RICHMOND, Va. (WWBT) - Nine billion in online sales on Cyber Monday this year according to data from Adobe Analytics, and online shopping isn’t showing any signs of slowing down, which is why the Richmond FBI has a warning tonight.
The agency says to think of the internet as the wild wild west, and eventually you’re going to get ripped off. So you’ve got to be prepared. Have your guard up this month. Especially when it comes to your social media accounts. Supervisory Special Agent David Johnson with the Richmond FBI warns of social media scams. If something pops up in your feed that wants you to click here, to buy something, don’t do it.
The same goes for if you are just shopping online and going to trusted sites. “If you receive an email that says ‘click here’ for the latest deal on x, y, and z or ‘click here’ for this latest product. If you have not solicited that email or gone to that actual website it’s likely a scam.”

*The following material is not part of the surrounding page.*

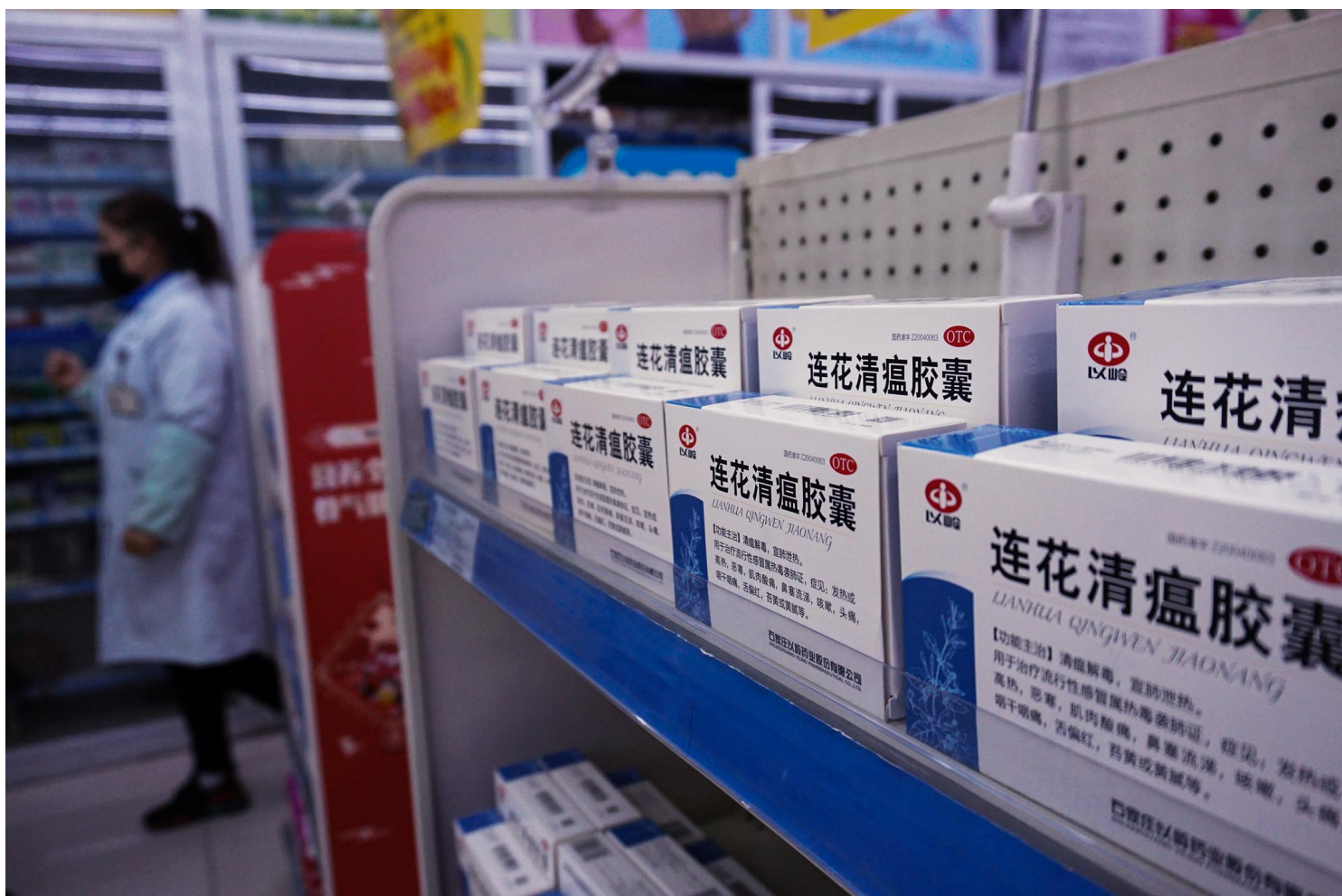
2020年4月14日中国杭州 一家药店的连花清瘟胶囊

这轮医疗反腐的开始时间约为今年年初。但翻查先前报导，2019年时，中央政府就有整治医疗系统的端倪。2019年的中共中央纪委“ 十九届三中全会 ”中就部署了“民生领域专项整治”，暗示要对医疗系统采取行动。有消息人士透露称，相关部署推迟到2023年才推行，是因为此前三年的防疫体制中，医疗系统是国家机器的重中之重。

Johnson says if you’re going to buy something online - from a trusted site like Amazon, Walmart or Target - make sure you are on the actual website. That you’ve typed in the website address correctly into your browser. Criminals are so good these days, one letter off and you could end up on a site that looks real, but is really just giving away your personal information and credit card numbers.
And if you get a link to shop at a store you’ve never heard of or shopped with before, don’t click on that random unsolicited link. Be wary of any unsolicited emails trying to get you to click on any links.
If you are scammed or think you may have been, always contact your financial institution to either stop payment or launch an investigation. Call local police and report it. Also log on to the FBI’s Internet Crimes Complaint Center to report it as well.